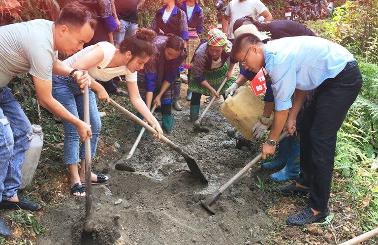 Sau lễ khởi công, đoàn viên thanh niên và người dân cũng như đoàn thiện nguyện đã bắt tay ngay vào làm tuyến đường của bản Nả Háng. Tôi hỏi chị Lại Phương Lan – Giám đốc Trung tâm thẩm mỹ Lại Lan Trang, người rất có tâm trong các chương trình tình nguyện cũng là người kết nối các tấm lòng hảo tâm để ủng hộ 80 tấn xi măng để làm con đường này: “Chị thấy chuyến đi thế nào?”. Vừa cùng người dân san gạt bê tông trên mặt đường chị trả lời: “Đây là chuyến đi ý nghĩa của cá nhân chị cũng như của cả đoàn, đúng là làm ra một con đường bê tông ở nơi đây, máy móc không vào được, toàn bộ phải làm bằng sức người thế này quả thật quá khó khăn, và đúng là: chẳng thể  đong đếm được con đường này trị giá bao nhiêu tiền… rất may đoàn đã vận động kịp để phối hợp với Hội Đồng đội – Tỉnh đoàn Yên Bái làm con đường này cho các em đi học, người dân giao thương đỡ vất vả, cũng rất vinh dự cho đoàn khi biết công trình này nằm trong cụm công trình “Con đường em đến trường” để chào mừng Đại hội Đảng bộ tỉnh Yên Bái lần thứ XIX.”
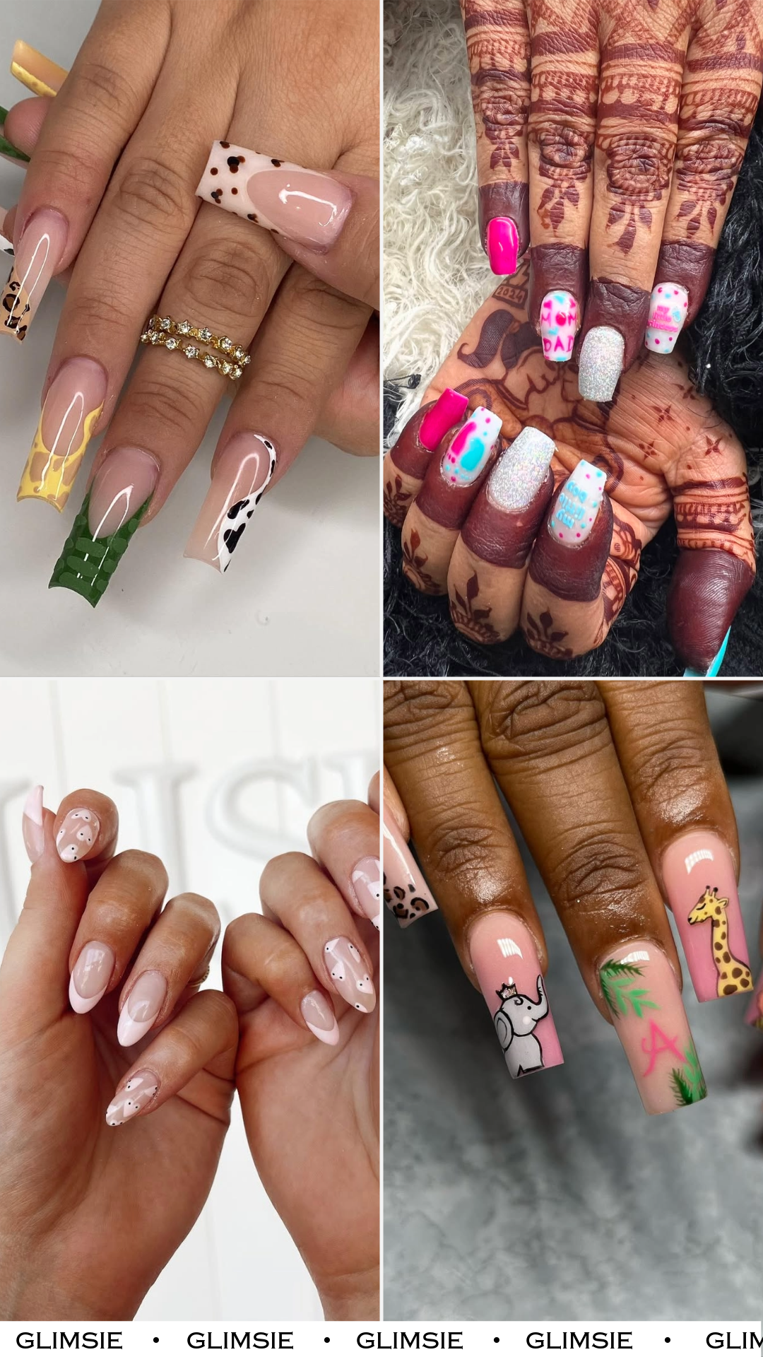 If you love a statement, these safari-inspired tips bring playful energy to the baby-shower moment. Giraffe yellow, crocodile green, and cow-print swirls turn each nail into a tiny adventure — bold, fun, and full of personality.
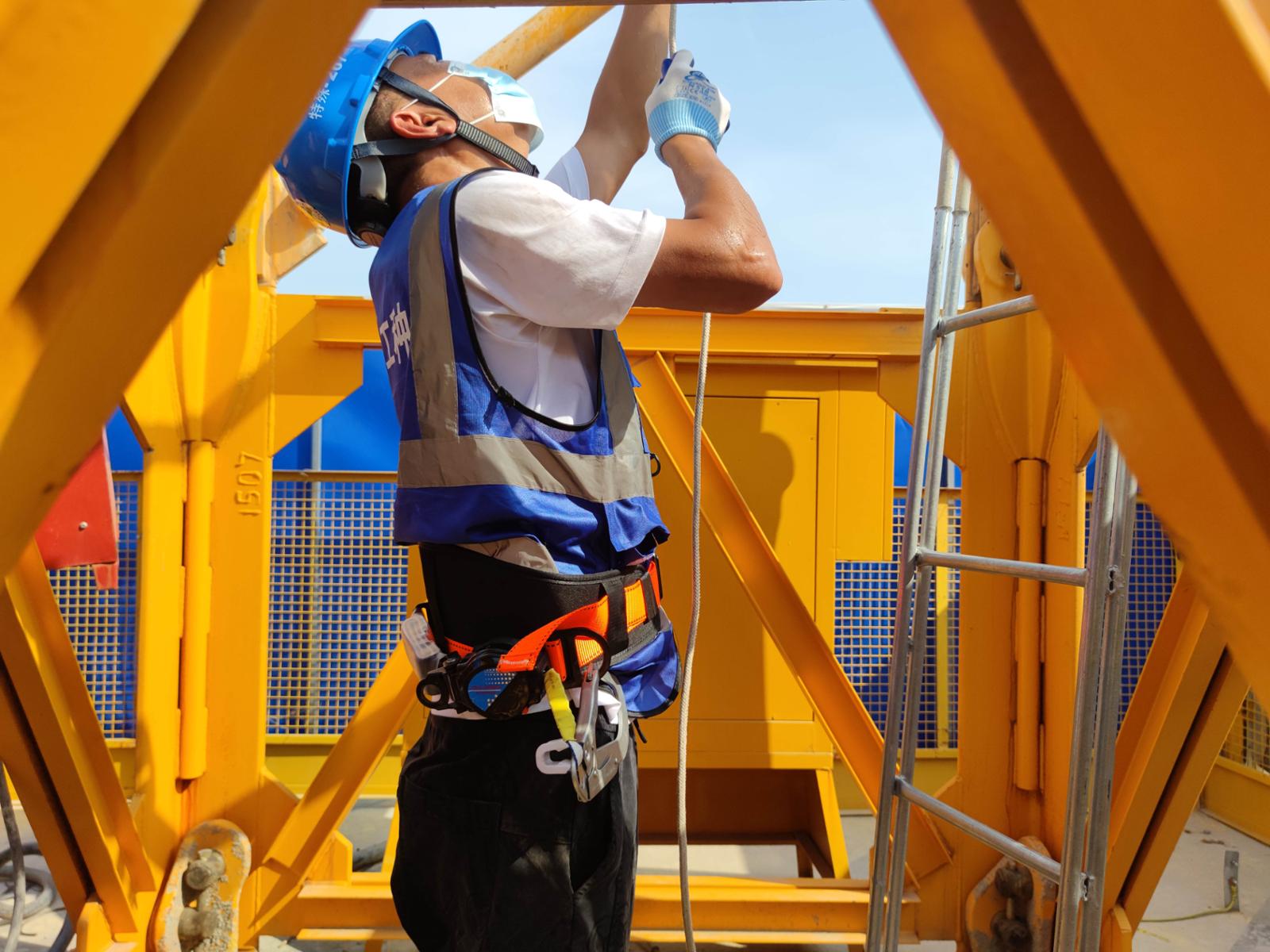 高温的“烤”验,从攀爬开始,在张永到驾驶室之前,需将安全锁扣扣在规定的位置,并挂好防坠器,在他下拉绳索的过程中,记者能很清晰地看到有汗滴挂在他的手臂上。而他攀爬的梯子,也是金属制成,隔着手套等衣物仍能感受到“烫手”。27米的塔吊,张永仅用几分钟就攀爬到顶,但这份沉稳并不是与生俱来,“做久了肯定适应了,但第一次第二次的时候肯定有害怕,所以防滑手套、防滑鞋这些更不能少。”
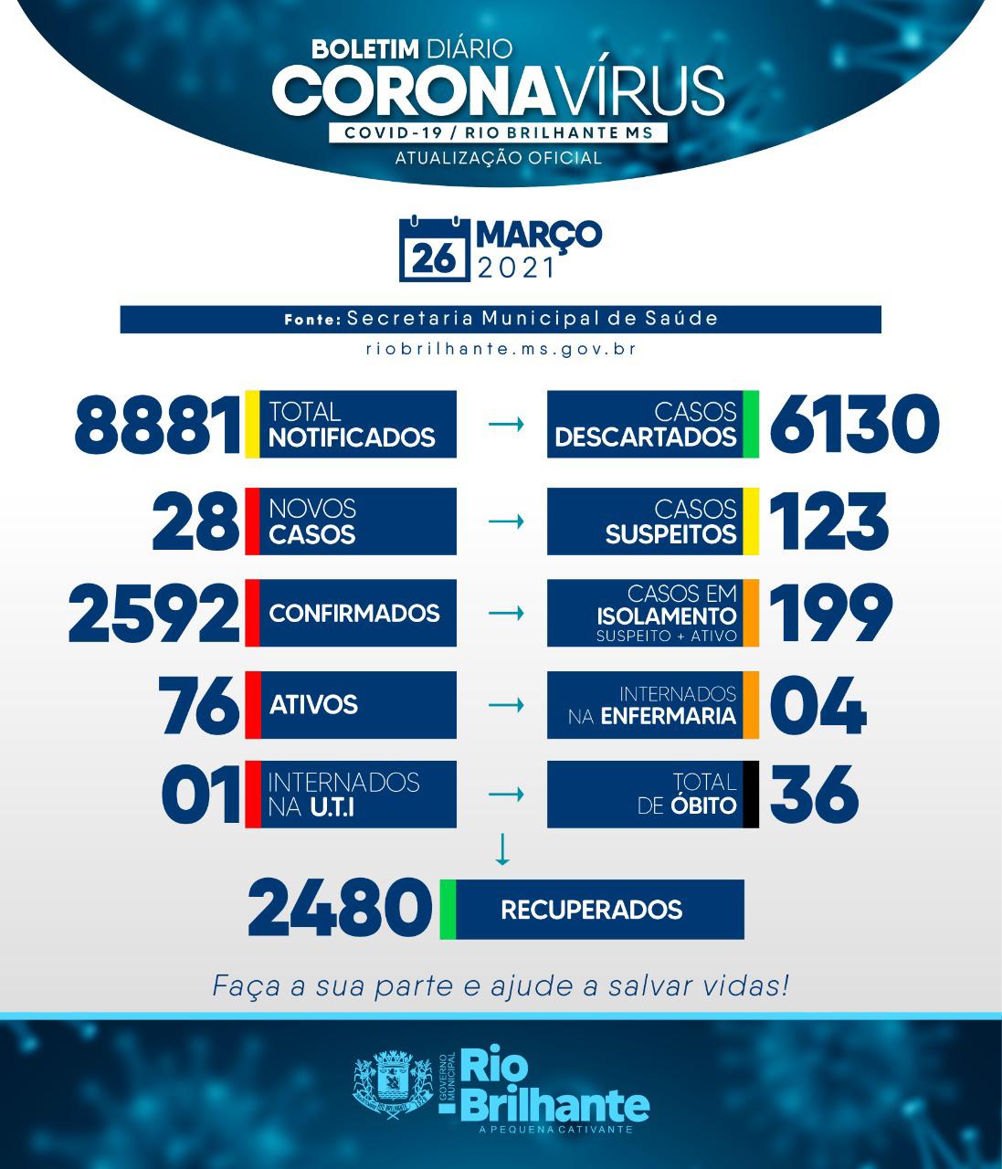 Regiaonline Plantão Coronavírus: Em Rio Brilhante, 28 novos casos e ativos chegam a 76.
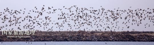 國(guó)家旅游地理 遼寧丹東5月2日訊 這是鳥群在空中飛翔(5月1日攝)。日前,遼寧省丹東市鴨綠江口濕地自然保護(hù)區(qū)迎來(lái)大批候鳥停留覓食。經(jīng)過(guò)中外鳥類專家在鴨綠江口濕地大約40公里范圍內(nèi)7個(gè)分點(diǎn)的同步調(diào)查發(fā)現(xiàn),共36種近14萬(wàn)只鳥類云集于此,這些候鳥在鴨綠江口濕地經(jīng)過(guò)約1個(gè)月的休整、補(bǔ)充體能后,將繼續(xù)北上到俄羅斯西伯利亞和美國(guó)的阿拉斯加等地繁育后代。

_ _ _

Work required:
An exact copy is needed of the lines running from the one containing "Regiaonline Plantão Coronavírus: Em" through the last line of the material, and of no others; pictures stay out.

Task output:
 Regiaonline Plantão Coronavírus: Em Rio Brilhante, 28 novos casos e ativos chegam a 76.
 國(guó)家旅游地理 遼寧丹東5月2日訊 這是鳥群在空中飛翔(5月1日攝)。日前,遼寧省丹東市鴨綠江口濕地自然保護(hù)區(qū)迎來(lái)大批候鳥停留覓食。經(jīng)過(guò)中外鳥類專家在鴨綠江口濕地大約40公里范圍內(nèi)7個(gè)分點(diǎn)的同步調(diào)查發(fā)現(xiàn),共36種近14萬(wàn)只鳥類云集于此,這些候鳥在鴨綠江口濕地經(jīng)過(guò)約1個(gè)月的休整、補(bǔ)充體能后,將繼續(xù)北上到俄羅斯西伯利亞和美國(guó)的阿拉斯加等地繁育后代。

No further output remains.